Communication Gone Wrong
Blitz Magazine
Direct marketers always talk about how precise their methods are. About how, when they send out promotional mail, they know exactly who’s getting it. They say they can target by income level, age, children’s ages. That they know that their clients’advertising pieces are being received by potential buyers.
In the mail, I receive an expensive package from a purveyor of yacht accessories. I don’t have a yacht. I receive an elegant package from a private school, asking me to consider sending my child there. I have a poodle. Now that I’ve announced that, I’ll start receiving samples of cat food.

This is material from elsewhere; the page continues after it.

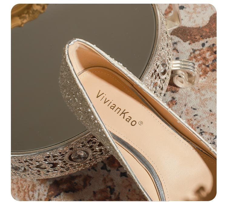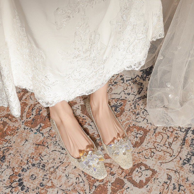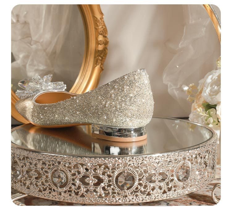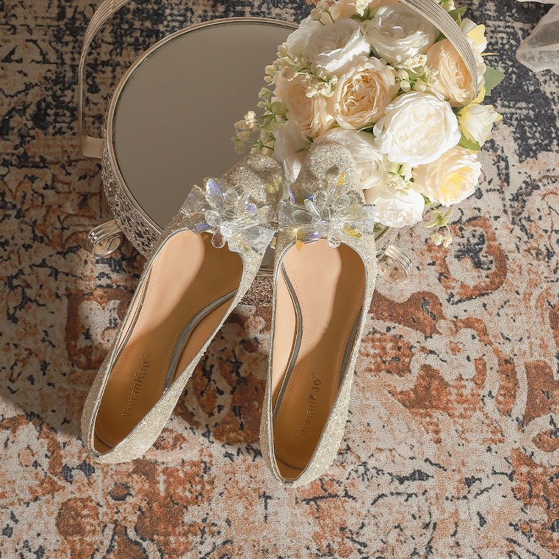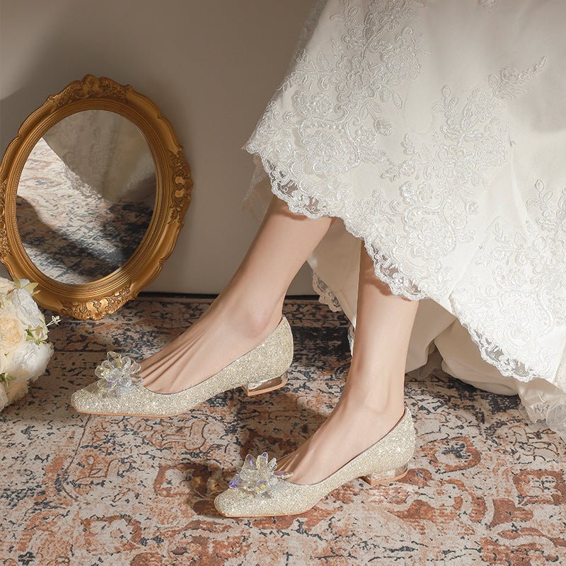 A29-52 Square Head Pearl Flat Chunky Heel Everyday Joker Niche Low Heel High Sense Bridesmaid Shoes Women
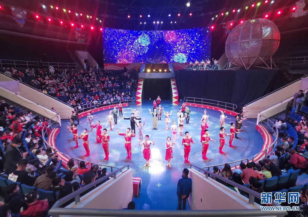 4月3日,武漢雜技廳的演員們?cè)谘莩龊笙蛴^眾謝幕。新華社記者 肖藝九 攝

Trade magazines also claim to be precisely targeted. (I’m one of the few publishers who can truthfully say that, as I up-date the Blitz mailing list every day and know exactly who’s getting it.) But my mechanic receives Strategy and Reel West. He doesn’t know why, he just does. I know this because I found them on the floor of his waiting room.

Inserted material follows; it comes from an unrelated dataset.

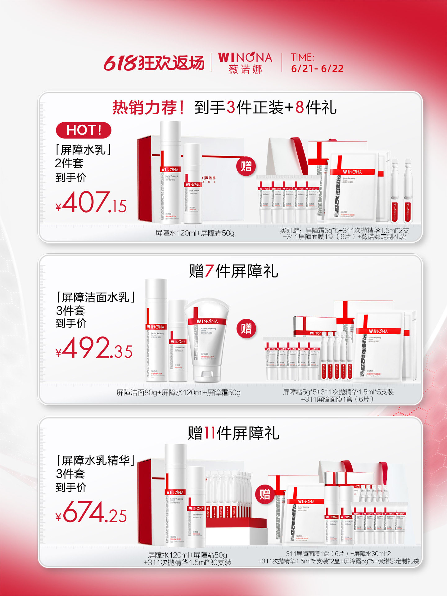 [Double 11 Spree Shopping] Winona 311 Барьерная эмульсия Набор для ремонта на уровне больницы Специальный увлажняющий крем

Technology has allowed for marvelous developments in magazine design. With the wrong result, I believe. I glance at Maclean’s and Vancouver. Both are so over-designed as to be unreadable.
Companies that can afford to commission good creative are airing TV commercials that are cloying (Toyota), nonsensical (Suzuki, Microsoft), badly written (Nestle) and annoying (Mott’s, All Bran). Even if people can stand to watch them, or make sense of them, the ads are bad enough to turn people away from the products they’re pitching. (And how about that McDonald’s slogan: ‘There’s a Little McDonald’s In Everyone’. Think about it. Ew.)
The Internet Advertising Bureau claims that an increasing share of marketing dollars is being committed to Internet marketing. Internet marketing firms say that advertisers can be confident about spending thousands of dollars in this fashion because web advertising is now so targeted—so precise.
I am a single, heterosexual female. When I open my email, I’m offered discounts on Viagra, potions to increase the size of my husband’s penis (by 3”!!!), potions to remove the hair on my chest, and something about a virtual experience wherein I can have sex with an Asian girl.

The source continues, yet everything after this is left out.